§ **Task instructions**:
Begin at the line containing "Scotch-Brite<sup>™</sup> Hand Pad 7447." in the data below and go on through the line containing "Before starting disassembly, mark", repeating each line exactly; include both ends and no other line.

§ **Supplied material**:
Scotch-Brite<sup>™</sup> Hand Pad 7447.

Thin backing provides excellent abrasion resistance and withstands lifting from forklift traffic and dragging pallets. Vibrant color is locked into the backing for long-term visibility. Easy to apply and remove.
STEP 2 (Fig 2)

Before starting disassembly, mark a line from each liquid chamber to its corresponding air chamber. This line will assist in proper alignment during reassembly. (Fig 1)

---

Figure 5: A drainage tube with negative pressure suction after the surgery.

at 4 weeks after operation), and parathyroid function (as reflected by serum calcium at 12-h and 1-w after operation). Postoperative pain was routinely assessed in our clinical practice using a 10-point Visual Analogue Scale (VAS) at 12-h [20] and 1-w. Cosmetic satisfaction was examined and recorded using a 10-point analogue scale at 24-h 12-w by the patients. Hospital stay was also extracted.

§ **Result for this task**:
Scotch-Brite<sup>™</sup> Hand Pad 7447.

Thin backing provides excellent abrasion resistance and withstands lifting from forklift traffic and dragging pallets. Vibrant color is locked into the backing for long-term visibility. Easy to apply and remove.
STEP 2 (Fig 2)

Before starting disassembly, mark a line from each liquid chamber to its corresponding air chamber. This line will assist in proper alignment during reassembly. (Fig 1)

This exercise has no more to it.